The elimination of the Butler County Common Pleas court reporters program has some attorneys worried the cost-saving measure could result in inaccuracies and delays in getting transcripts of testimony.
Six of the county’s seven common pleas judges voted Wednesday to end the court reporter program — leaving four employees without jobs — in an effort to save $200,000 annually from its budget. County commissioners had asked the court to cut 5 percent out of its proposed $4 million general fund budget for 2013.
“I think it is unfortunate if it is budget driven,” said defense attorney Tamara Sack, who is a Butler County Bar Association officer. “It is always better to have a court reporter transcribe testimony in real time, especially if there is a need to have testimony read back during trial or to provide attorneys with transcripts during trial without any delay.”

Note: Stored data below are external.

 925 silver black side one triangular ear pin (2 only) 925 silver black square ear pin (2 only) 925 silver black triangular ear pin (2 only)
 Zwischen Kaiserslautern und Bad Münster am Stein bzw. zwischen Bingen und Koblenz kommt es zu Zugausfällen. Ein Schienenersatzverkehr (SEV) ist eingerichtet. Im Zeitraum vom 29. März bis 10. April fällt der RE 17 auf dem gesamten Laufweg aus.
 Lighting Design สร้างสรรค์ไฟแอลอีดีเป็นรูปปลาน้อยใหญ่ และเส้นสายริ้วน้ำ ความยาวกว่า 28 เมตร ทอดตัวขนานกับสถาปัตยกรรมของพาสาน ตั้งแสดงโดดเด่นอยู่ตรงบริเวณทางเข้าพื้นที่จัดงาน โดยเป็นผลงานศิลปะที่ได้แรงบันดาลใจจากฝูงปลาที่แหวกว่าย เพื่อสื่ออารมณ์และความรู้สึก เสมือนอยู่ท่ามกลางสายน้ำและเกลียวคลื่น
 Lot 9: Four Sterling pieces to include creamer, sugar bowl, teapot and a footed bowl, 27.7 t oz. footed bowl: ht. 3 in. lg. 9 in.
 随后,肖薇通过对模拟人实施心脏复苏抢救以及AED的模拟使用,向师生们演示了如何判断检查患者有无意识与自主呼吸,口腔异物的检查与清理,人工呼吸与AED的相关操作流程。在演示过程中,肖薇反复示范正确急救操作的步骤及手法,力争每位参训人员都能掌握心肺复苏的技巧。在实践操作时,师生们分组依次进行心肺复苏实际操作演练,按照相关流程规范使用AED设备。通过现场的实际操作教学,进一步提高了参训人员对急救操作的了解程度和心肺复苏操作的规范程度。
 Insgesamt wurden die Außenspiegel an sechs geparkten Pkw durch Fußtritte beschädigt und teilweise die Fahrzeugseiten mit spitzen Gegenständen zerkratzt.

Jack Grove, an attorney and chairman of the Butler County Public Defender Commission, said there are problems with recording devices, such as sirens and outside noise, making some portions of the taping inaudible.

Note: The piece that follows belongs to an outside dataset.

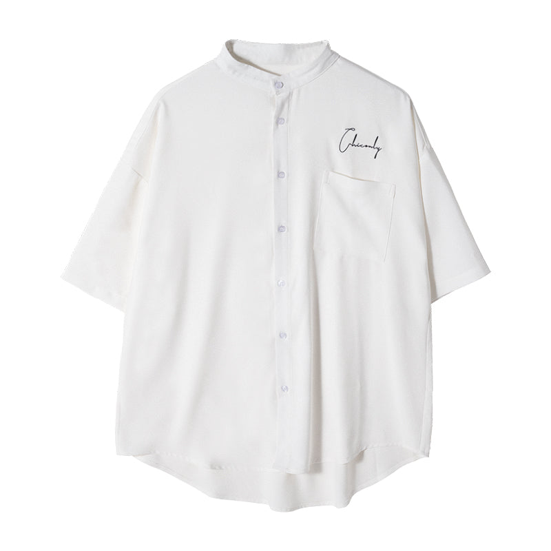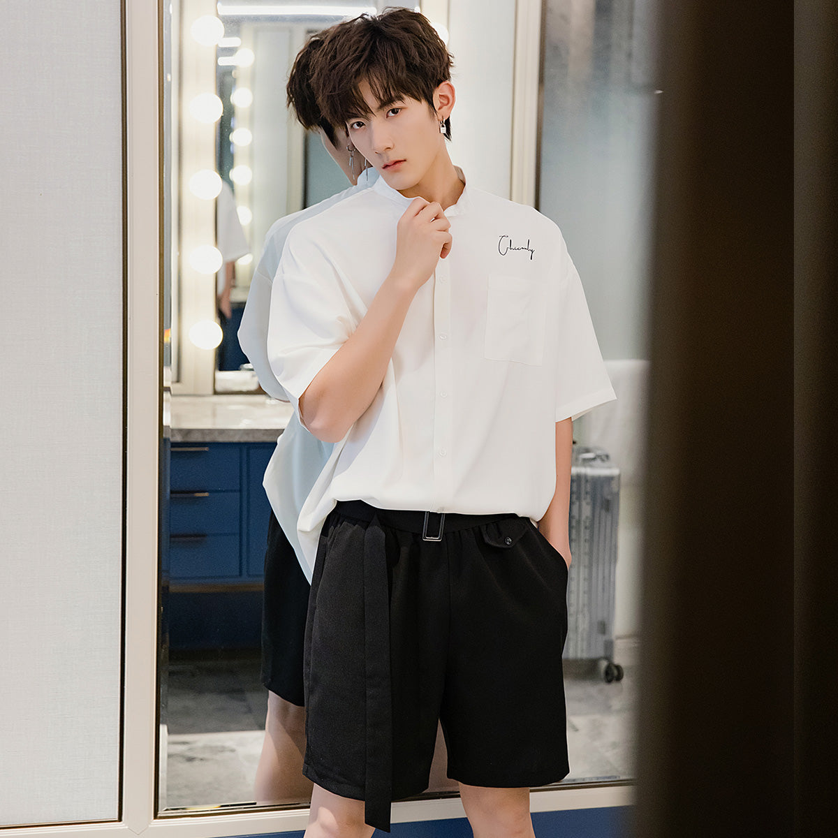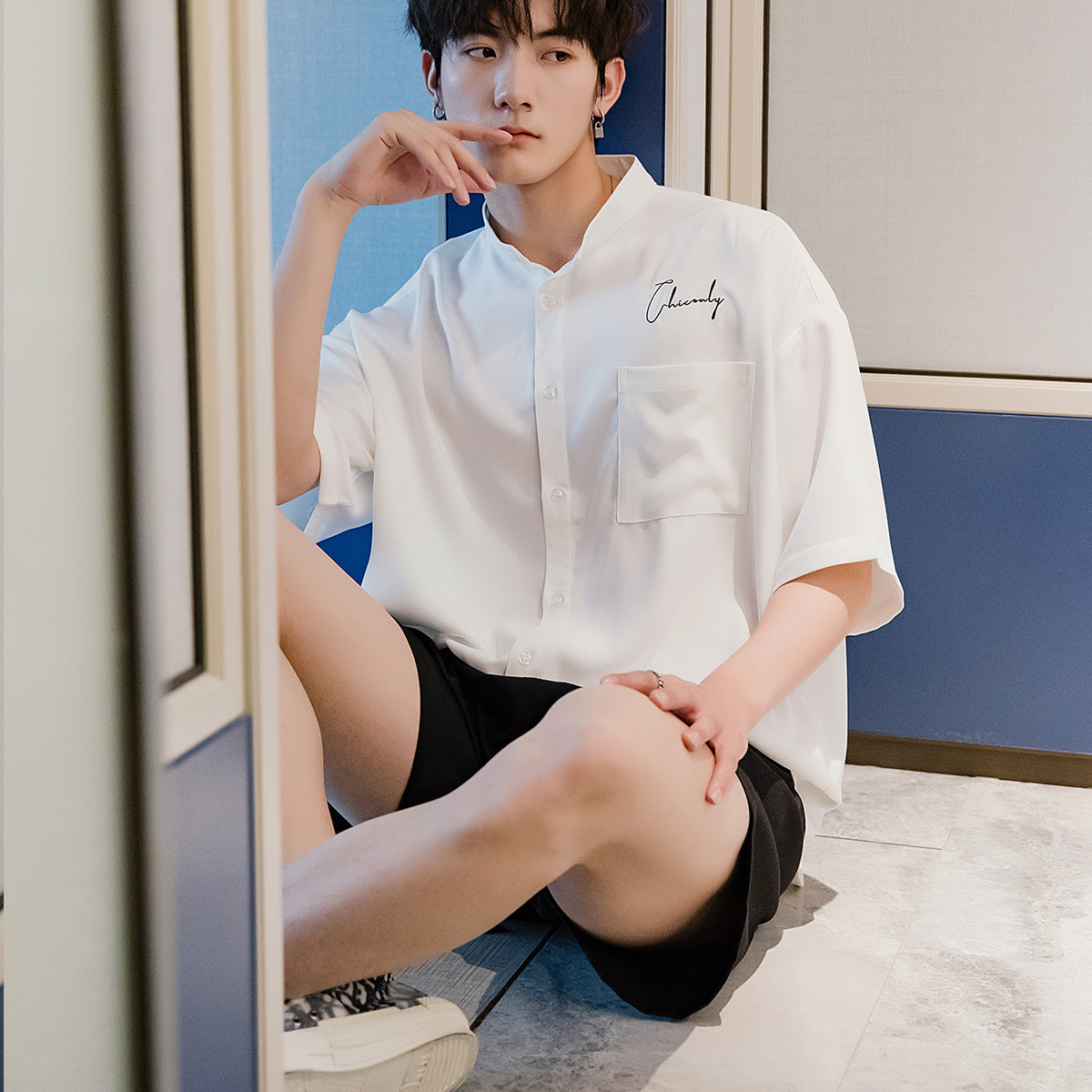 CHIC ERRO Chic Erro summer short-sleeved white shirt male Korean version of the trend of men's loose white five-point sleeve stand-up collar shirt

“But court reporters are not perfect either,” Grove said. “As attorneys, our concern is not so much who does or how the transcript is done; our foremost concern is that it is accurate.”
Who will prepare transcripts is yet to be decided, but it will not be county employees, according to Court Administrator Gary Yates. On Thursday, court reporters were not in any of the courtrooms. Judges’ staff members, usually bailiffs, who have been manning the court recording system for years, were continuing that responsibility.
The four court reporters — Jennifer Olivier, Elaine Haberer, Linda Tuttle and Kathy Nicholson — are on paid administrative leave through Dec. 31 when their positions will be terminated. Yates said they are finishing transcripts already in progress from home.
Olivier, who filed a complaint against Judge Michael Sage earlier this year claiming retaliation after their nine-year affair ended, Haberer and Tuttle all declined to talk about the layoffs. Nicholson could not be reached for comment.
The county judges discussed several options other than eliminating court reporters to achieve the 5 percent cut, Yates said. Those options, he said, included reductions in the probation department and bookkeeping staffs and shifting funds from the general fund budget.
Yates said the court could have submitted its budget as written with a court order for the County Commission to approve, but that was not a move the judges wanted to make. Ultimately, it was determined that because the county had a court recording system in place, the court reporters were the most expendable.
“We have always tried to work with the commissioners in the past, and we are now,” Yates said.
Judges Noah Powers, Andrew Nastoff, Charles Pater and Craig Hedric voted to end the court reporters program, according to Yates. Judges Keith Spaeth and Patricia Oney voted against. Judge Sage did not attend.
Spaeth declined comment Thursday when contacted by the JournalNews, and the remainder of the judges could not be reached for comment.
The court reporting system has been a source of debate in the past dating back to 2005 when some judges favored eliminating the program as a cost savings. At that time, Sage strongly opposed removing court reporters from courtrooms.
The court reporter system was a pilot program that had been initiated in 2001 to allay concerns about inaccuracies in court transcripts. In 2001, secretaries and other office staff, not professional transcriptionists, were typing transcripts.
“I would say the court reporting program at that time was seen by the County Commission and the bar association as what they thought was the best way to record our hearings. It was an idea pitched from the outside,” Yates said, adding that in the current financial climate it is just not cost effective.